Данте в русской культуре | страница 90
Герцен-публицист был особенно неравнодушен к инфернальным сценам „Комедии“. В известной степени эта восприимчивость к первой части поэмы стимулировалась разоблачительными целями его вольной журналистики. Гораздо шире интерес к „Божественной комедии“ у Герцена-художника, хотя и у него предпочтение отдано „Inferno“. Вместе с тем эмоциональное звучание дантовских реминисценций в зрелых художественных произведениях разнообразней и не всегда следует за оригиналом. Например, комментируя свой рассказ о Давиде Уркхарте (Уркуарде), который сел в лужу, когда пытался скомпрометировать героя итальянского освобождения Джузеппе Маццини, Герцен замечает: „Уркуард, как дантовская Франческа, не продолжал больше своего чтения в этот день“ [XI, 159]. Трагическая тема Паоло и Франчески [Ад, V, 138] снижается им в „Былом и думах“, чтобы иронией уничтожить незадачливого деятеля. Подобный прием Герцен использует и в романе „Кто виноват?“, повествуя о том, „до какой степени опасно и вредно для молодого человека читать молодой девице что-нибудь, кроме курса чистой математики…“ [IV, 51]. Здесь иронические оттенки значительно мягче, но в контексте реалистического описания, в котором подробно даются реалии обыденного мира, упоминание о Франческе да Римини своего рода намек на экзальтированность молодых героев; да и весь эпизод чтения Жуковского Любонькой и Дмитрием Круциферским не что иное, как ироническая калька с рассказа о влюбленных в пятой песне „Ада“.

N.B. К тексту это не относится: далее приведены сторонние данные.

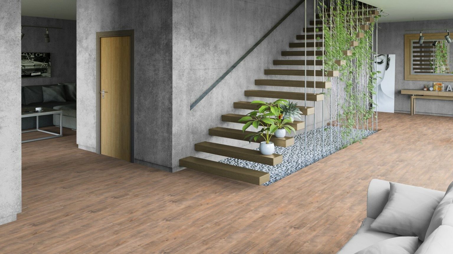 Модель Woody выделяется натуральным древесным дизайном, который придаёт интерьеру уют и стиль. Влагостойкость и устойчивость к царапинам делают этот виниловый ламинат практичным выбором для жилых и коммерческих помещений. Укладка выполняется быстро и удобно благодаря замковой системе без клея. Подходит для использования с системами тёплого пола.

Порой Герцен использует дантовские образы для того, чтобы придать какому-либо обобщению наглядно-зримый, конкретно-чувственный характер. „Эмигранты-шпионы, – пишет он, – шпионы в квадрате… Ими оканчивается порок и разврат; дальше, как за Люцифером у Данта, ничего нет, – там уж опять пойдет вверх“ [XI, 198]. Бывает, что писатель завершает пространное описание вольным цитированием „Комедии“, обнажая тем самым концентрированный смысл изображения. Так, свой рассказ о приживалке Элизе Августовне, которую, видимо, редко посещала мысль о человеческом достоинстве, Герцен заключает словами: „Чужие лестницы были для нее не круты, чужой хлеб не горек“.

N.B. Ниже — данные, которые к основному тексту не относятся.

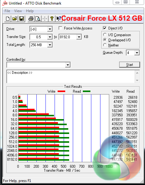 The Force LX achieved an impressive read score in this test, however the write score wasn't quite so impressive.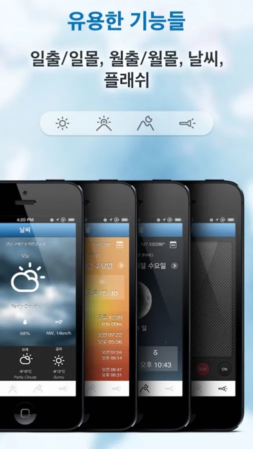 ・주간(4일간) 날씨, 온도, 습도, 바람 표시

Эти, как и другие дантовские мотивы в художественной прозе писателя, созвучны, по преимуществу, ее публицистическому пафосу. Не случайно чаще всего они встречаются в авторских отступлениях, оценочных комментариях повествователя. В то же время художник и мыслитель жили в Герцене одной жизнью. Именно поэтому одним и тем же образам „Комедии“ находилось дело и в философско-политических статьях, и в художественных произведениях. Наиболее часто повторяющиеся в них были связаны в сознании Герцена с его изгнанническим жребием и судьбой России. Per me si va nella citta dolente – вынужден был не единожды сказать о себе он. Nuovi tormenti е nuovi tormentati – в гневе и горечи свидетельствовал Герцен. Lasciate ogni speranza, voi ch'entrate – это предупреждение вновь и вновь рождало смятение в его сердце, нигде не заслоненном от bufera infernale русской жизни. Разбуженный декабристами, Герцен считал проклятием для себя и своего поколения „исчезнуть как дым в воздухе, как пена на воде“. Данте не только был одним из самых дорогих ему поэтов, но и его Вергилием, чья тень половину жизни вела по кручам трагических потерь, обретений и разочарований, борьбы и надежд. Он навсегда запомнил тот вятский день, когда в „живых картинах“ исполнил роль Данте [XXI, 137], а потом, почти через тридцать лет, с тем же юношеским благоговением перед флорентийским поэтом, простодушно досадовал, что его дочь не имеет туалета, в котором она могла бы принять участие в 600-летнем юбилее Данте [XXVIII, 74]. Сюжет „Данте и Герцен“ – не столько литературный, сколько антропологический, „с кровью и мясом“, как сказал бы сам автор.